New computational model could explain differences in recognizing facial emotions.
Researchers have primarily suggested two brain areas where the differences might lie. A region on the side of the primate (including human) brain called the inferior temporal (IT) cortex contributes to facial recognition. Meanwhile, a deeper region called the amygdala receives input from the IT cortex and other sources and helps process emotions.
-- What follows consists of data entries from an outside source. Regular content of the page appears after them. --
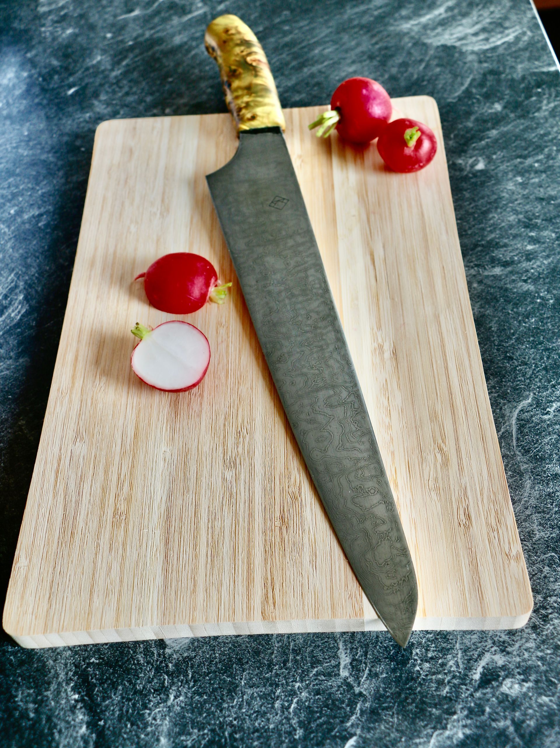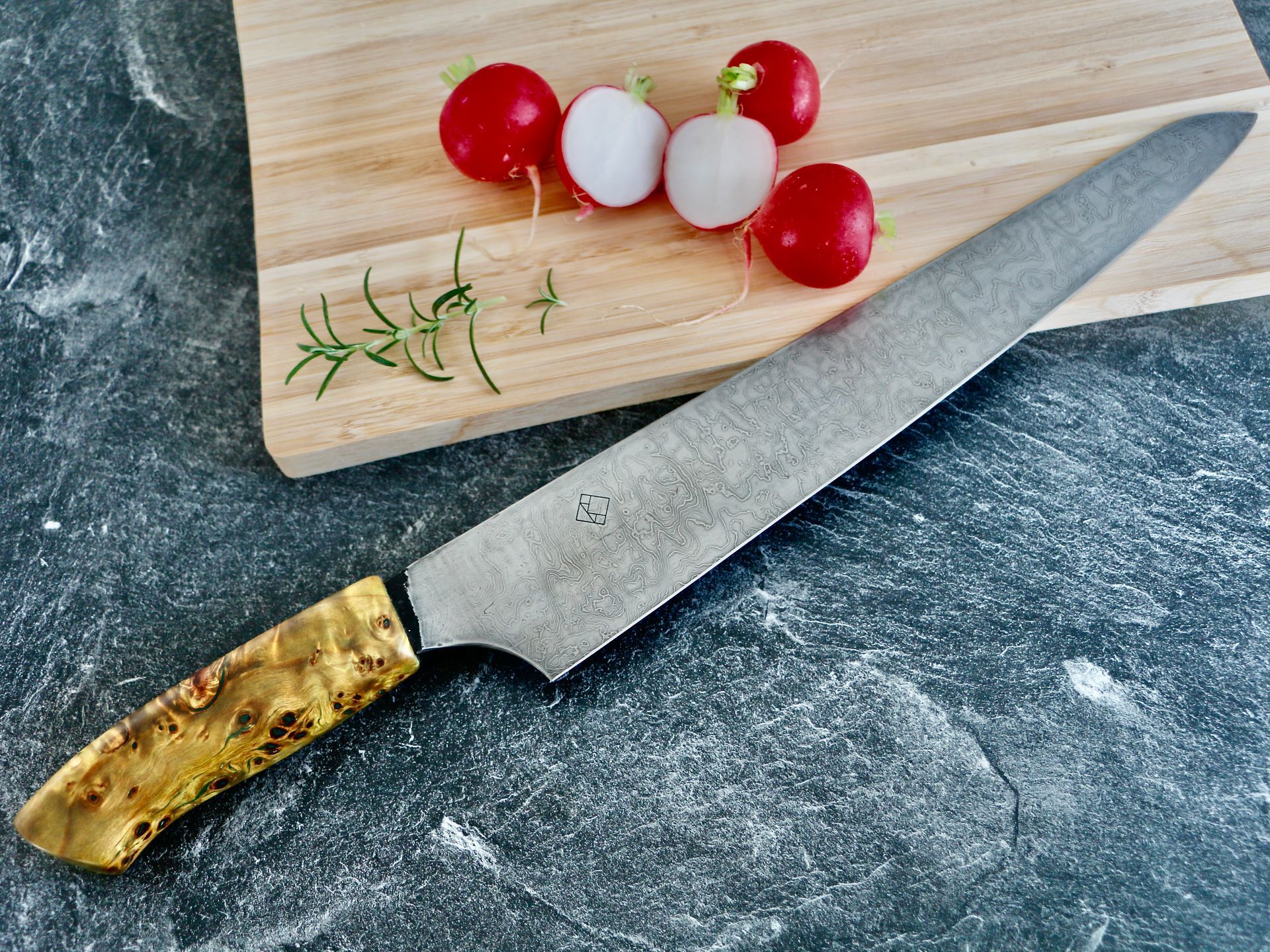 Gyuto aus Hochleistungs-Damast, Griff aus Pappelholz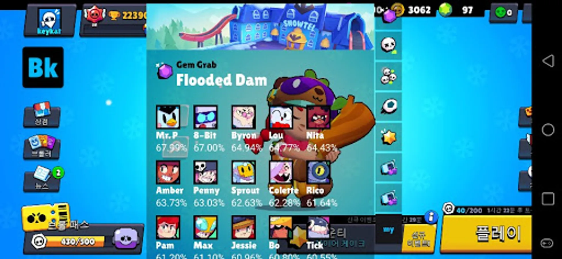 Also, if you touch the blue button on the main screen, you will see the brawler's win rate for each map. Use the odds stats to choose which broiler to play.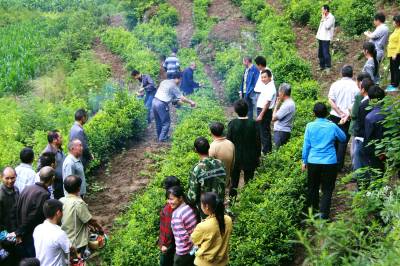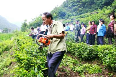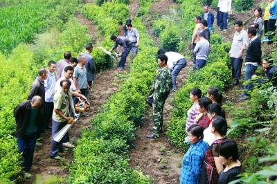 6月26日,竹山县农业科技人员深入麻家渡镇墩梓村为农民讲解示范茶叶管理实用技术。连日来,该县组织人社、农业、林业、畜牧等科技人员分赴全县各乡镇、行政村,围绕茶叶、核桃、水稻、玉米、作物套种等高产实用配套技术,深入田间地头,做给农民看、带着农民干,实地演示指导,传技术于农民,帮助群众开展抢收、抢种、抢管,一线服务“三夏”生产,真诚真情真心践行群众路线教育实践活动。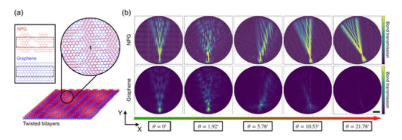 圖1. 系統設置和綁定傳輸。(a) NPG(紅色)、石墨烯(藍色)和扭曲的 NPG/石墨烯雙層的原子結構。黑叉和黑點分別表示旋轉軸和注射部位。(b) 能量 E = −0.4 eV 的扭曲 NPG/石墨烯雙層中的實空間鍵傳輸圖。頂行:NPG 層。底行:石墨烯層。紅點表示 NPG 層中的進樣點。比例尺為 10 nm。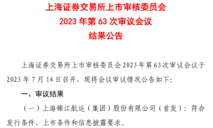 7月14日,上海证券交易所发布《上海证券交易所上市审核委员会2023年第63次审议会议结果公告》,审议结果为:上海锦江航运(集团)股份有限公...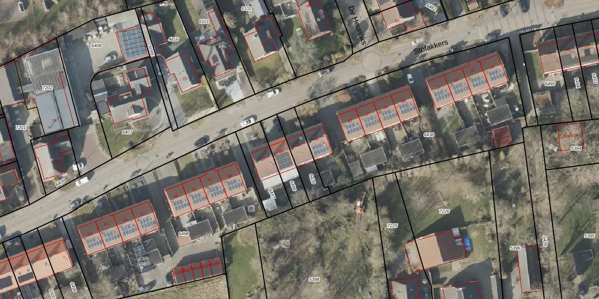 Gebruik de zoekbalk of klik op een perceel voor informatie over de adressen binnen dit perceel.

Kohitij Kar, a research scientist in the lab of MIT Professor James DiCarlo, hoped to zero in on the answer. (DiCarlo, the Peter de Florez Professor in the Department of Brain and Cognitive Sciences, is a member of the McGovern Institute for Brain Research and director of MIT’s Quest for Intelligence.)
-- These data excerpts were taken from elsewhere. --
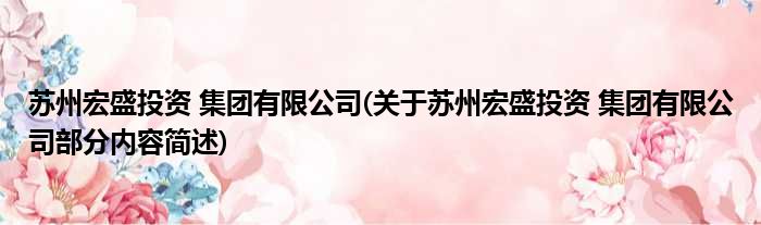 苏州宏盛投资 集团有限公司(关于苏州宏盛投资 集团有限公司部分内容简述)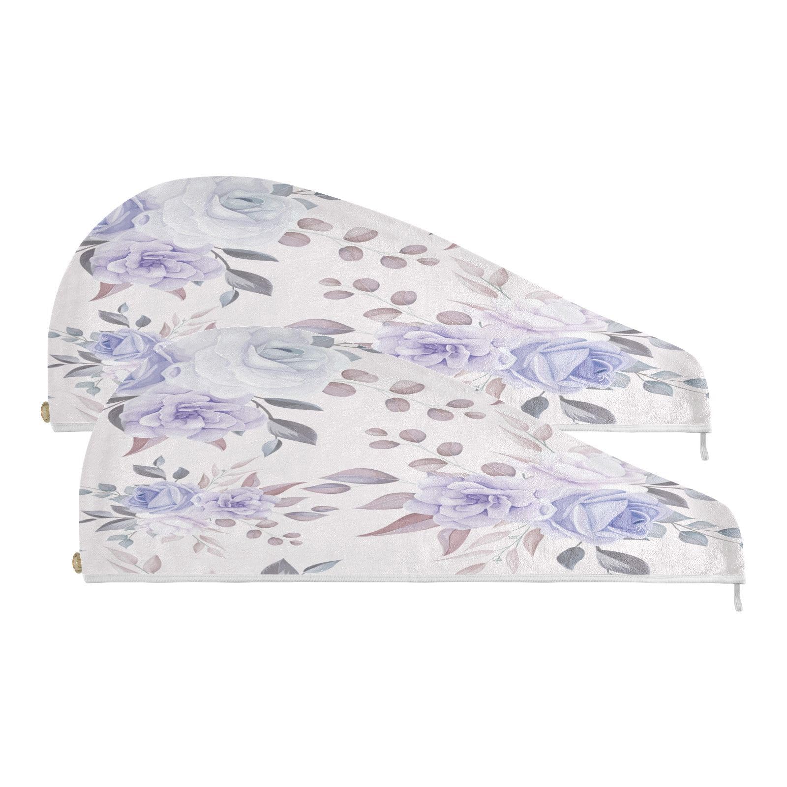 Romantic Flower Dry Hair Cap 2 Piece Quick Drying Towel Set with Button Headband Super Absorbent Soft & Comfortable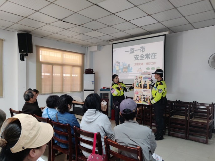 区委宣传部联合区交通大队、西马街道在光荣坊社区新时代文明实践站开展“文明交通‘一盔一带 安全常在’文明社区行”活动。用拉家常的方式为群众讲述道路交通安全知识,引导居民遵守交通法规。

Kar began by looking at data provided by two other researchers: Shuo Wang, at Washington University in St. Louis, and Ralph Adolphs, at the California Institute of Technology. In one experiment, they showed images of faces to autistic adults and to neurotypical controls. The images had been generated by software to vary on a spectrum from fearful to happy, and the participants judged, quickly, whether the faces depicted happiness. Compared with controls, autistic adults required higher levels of happiness in the faces to report them as happy.
Modeling the brain
Kar, who is also a member of the Center for Brains, Minds and Machines, trained an artificial neural network, a complex mathematical function inspired by the brain’s architecture, to perform the same task. The network contained layers of units that roughly resemble biological neurons that process visual information. These layers process information as it passes from an input image to a final judgment indicating the probability that the face is happy. Kar found that the network’s behavior more closely matched the neurotypical controls than it did the autistic adults.
The network also served two more interesting functions. First, Kar could dissect it. He stripped off layers and retested its performance, measuring the difference between how well it matched controls and how well it matched autistic adults. This difference was greatest when the output was based on the last network layer. Previous work has shown that this layer in some ways mimics the IT cortex, which sits near the end of the primate brain’s ventral visual processing pipeline. Kar’s results implicate the IT cortex in differentiating neurotypical controls from autistic adults.
The other function is that the network can be used to select images that might be more efficient in autism diagnoses. If the difference between how closely the network matches neurotypical controls versus autistic adults is greater when judging one set of images versus another set of images, the first set could be used in the clinic to detect autistic behavioral traits. “These are promising results,” Kar says. Better models of the brain will come along, “but oftentimes in the clinic, we don’t need to wait for the absolute best product.”
Next, Kar evaluated the role of the amygdala. Again, he used data from Wang and colleagues. They had used electrodes to record the activity of neurons in the amygdala of people undergoing surgery for epilepsy as they performed the face task. The team found that they could predict a person’s judgment based on these neurons’ activity. Kar re-analyzed the data, this time controlling for the ability of the IT-cortex-like network layer to predict whether a face truly was happy. Now, the amygdala provided very little information of its own. Kar concludes that the IT cortex is the driving force behind the amygdala’s role in judging facial emotion.
Finally, Kar trained separate neural networks to match the judgments of neurotypical controls and autistic adults. He looked at the strengths or “weights” of the connections between the final layers and the decision nodes. The weights in the network matching autistic adults, both the positive or “excitatory” and negative or “inhibitory” weights, were weaker than in the network matching neurotypical controls. This suggests that sensory neural connections in autistic adults might be noisy or inefficient.
To further test the noise hypothesis, which is popular in the field, Kar added various levels of fluctuation to the activity of the final layer in the network modeling autistic adults. Within a certain range, added noise greatly increased the similarity between its performance and that of the autistic adults. Adding noise to the control network did much less to improve its similarity to the control participants. This further suggest that sensory perception in autistic people may be the result of a so-called “noisy” brain.
Looking forward, Kar sees several uses for computational models of visual processing. They can be further prodded, providing hypotheses that researchers might test in animal models. “I think facial emotion recognition is just the tip of the iceberg,” Kar says. They can also be used to select or even generate diagnostic content. Artificial intelligence could be used to generate content like movies and educational materials that optimally engages autistic children and adults. One might even tweak facial and other relevant pixels in what autistic people see in augmented reality goggles, work that Kar plans to pursue in the future.
Ultimately, Kar says, the work helps to validate the usefulness of computational models, especially image-processing neural networks. They formalize hypotheses and make them testable. Does one model or another better match behavioral data? “Even if these models are very far off from brains, they are falsifiable, rather than people just making up stories,” he says. “To me, that’s a more powerful version of science.”